* _Information shown_
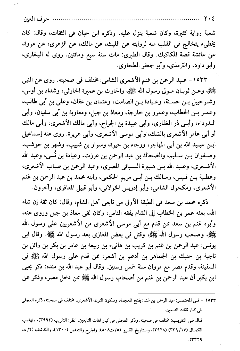 1533 - عبد الرحمن بن غنم الأشعرى الشامى: مختلف فى صحبته. روى عن النبى - صلى الله عليه وسلم -، وعن ثوبان مولى رسول الله - صلى الله عليه وسلم -، والحارث بن عميرة الحارثى، وشداد بن أوس، وشرحبيل بن حسنة، وعبادة بن الصامت، وعثمان بن عفان، وعلى بن أبى طالب، وعمر بن الخطاب، وعمرو بن خارجة، ومعاذ بن جبل، ومعاوية بن أبى سفيان، وأبى الدرداء، وأبى ذر الغفارى، وأبى عبيدة بن الجراح، وأبى مالك الأشعرى، وأبى مالك أو أبى عامر الأشعرى بالشك، وأبى موسى الأشعرى، وأبى هريرة. روى عنه إسماعيل ابن عبيد الله بن أبى المهاجر، ورجاء بن حيوة، وسوار بن شبيب، وشهر بن حوشب، وصفوان بن سليم، والضحاك بن عبد الرحمن بن عرزت، وعبادة بن نُسى، وعبد الله الأشعرى، وعبد الله بن هبيرة السبائى المصرى، وعبد الرحمن بن صباب الأشعرى، وعطية بن قيس، ومالك بن أبى مريم الحكمى، وابنه محمد بن عبد الرحمن بن غنم الأشعرى، ومكحول الشامى، وأبو إدريس الخولانى، وأبو قبيل المعافرى، وآخرون.
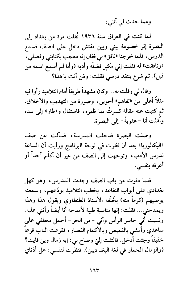 لما كنت في العراق سنة 1936 نُقلت مرة من بغداد إلى البصرة إثر خصومة بيني وبين مفتش دخل على الصف فسمع الدرس، فلما خرجنا «نافق» لي فقال إنه معجب بكتابتي وفضلي، «ونافقت» له فقلت إني مكبِر فضلَه وأدبه (وأنا لم أسمع اسمه من قبل). ثم شرع ينتقد درسي فقلت: ومَن أنت يا هذا؟
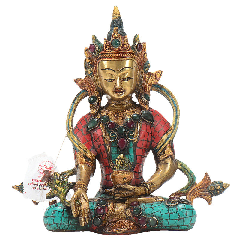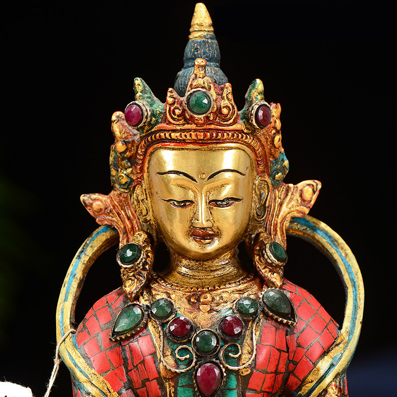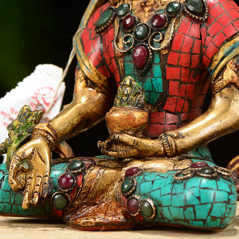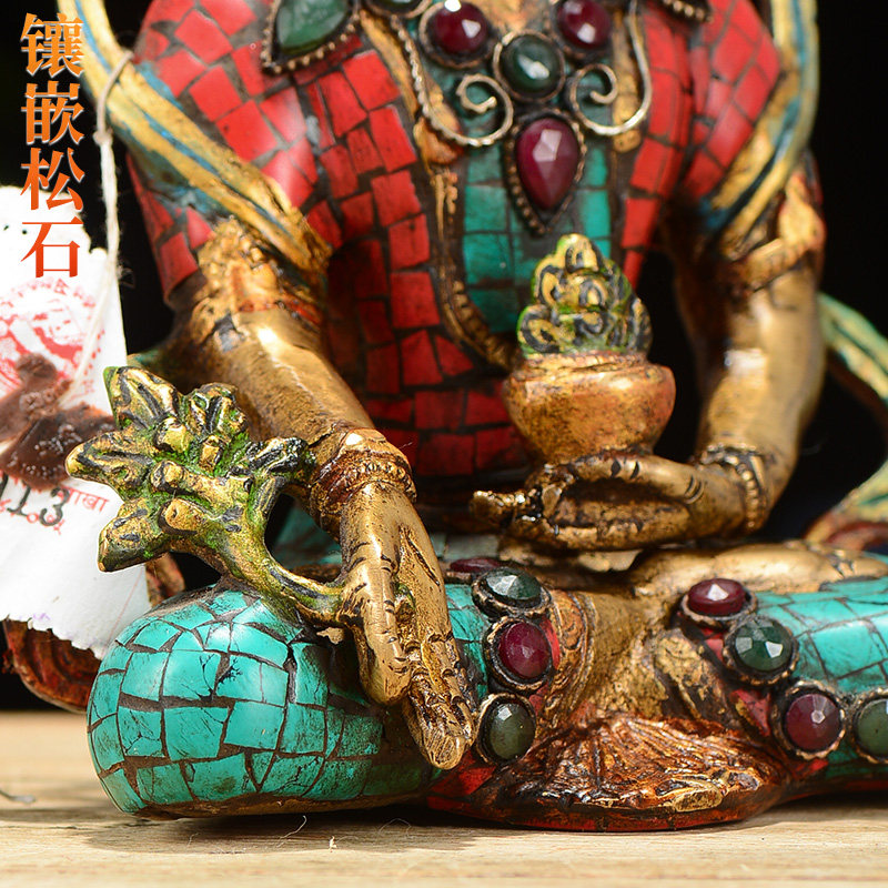 欧斯特 药师佛中式摆件尼泊尔手工做旧镶松石7寸居家客厅玄关铜像

* _Task instructions_
Provide the listing above once more, exactly, with the pictures removed.

* _Answer box_
 1533 - عبد الرحمن بن غنم الأشعرى الشامى: مختلف فى صحبته. روى عن النبى - صلى الله عليه وسلم -، وعن ثوبان مولى رسول الله - صلى الله عليه وسلم -، والحارث بن عميرة الحارثى، وشداد بن أوس، وشرحبيل بن حسنة، وعبادة بن الصامت، وعثمان بن عفان، وعلى بن أبى طالب، وعمر بن الخطاب، وعمرو بن خارجة، ومعاذ بن جبل، ومعاوية بن أبى سفيان، وأبى الدرداء، وأبى ذر الغفارى، وأبى عبيدة بن الجراح، وأبى مالك الأشعرى، وأبى مالك أو أبى عامر الأشعرى بالشك، وأبى موسى الأشعرى، وأبى هريرة. روى عنه إسماعيل ابن عبيد الله بن أبى المهاجر، ورجاء بن حيوة، وسوار بن شبيب، وشهر بن حوشب، وصفوان بن سليم، والضحاك بن عبد الرحمن بن عرزت، وعبادة بن نُسى، وعبد الله الأشعرى، وعبد الله بن هبيرة السبائى المصرى، وعبد الرحمن بن صباب الأشعرى، وعطية بن قيس، ومالك بن أبى مريم الحكمى، وابنه محمد بن عبد الرحمن بن غنم الأشعرى، ومكحول الشامى، وأبو إدريس الخولانى، وأبو قبيل المعافرى، وآخرون.
 لما كنت في العراق سنة 1936 نُقلت مرة من بغداد إلى البصرة إثر خصومة بيني وبين مفتش دخل على الصف فسمع الدرس، فلما خرجنا «نافق» لي فقال إنه معجب بكتابتي وفضلي، «ونافقت» له فقلت إني مكبِر فضلَه وأدبه (وأنا لم أسمع اسمه من قبل). ثم شرع ينتقد درسي فقلت: ومَن أنت يا هذا؟
 欧斯特 药师佛中式摆件尼泊尔手工做旧镶松石7寸居家客厅玄关铜像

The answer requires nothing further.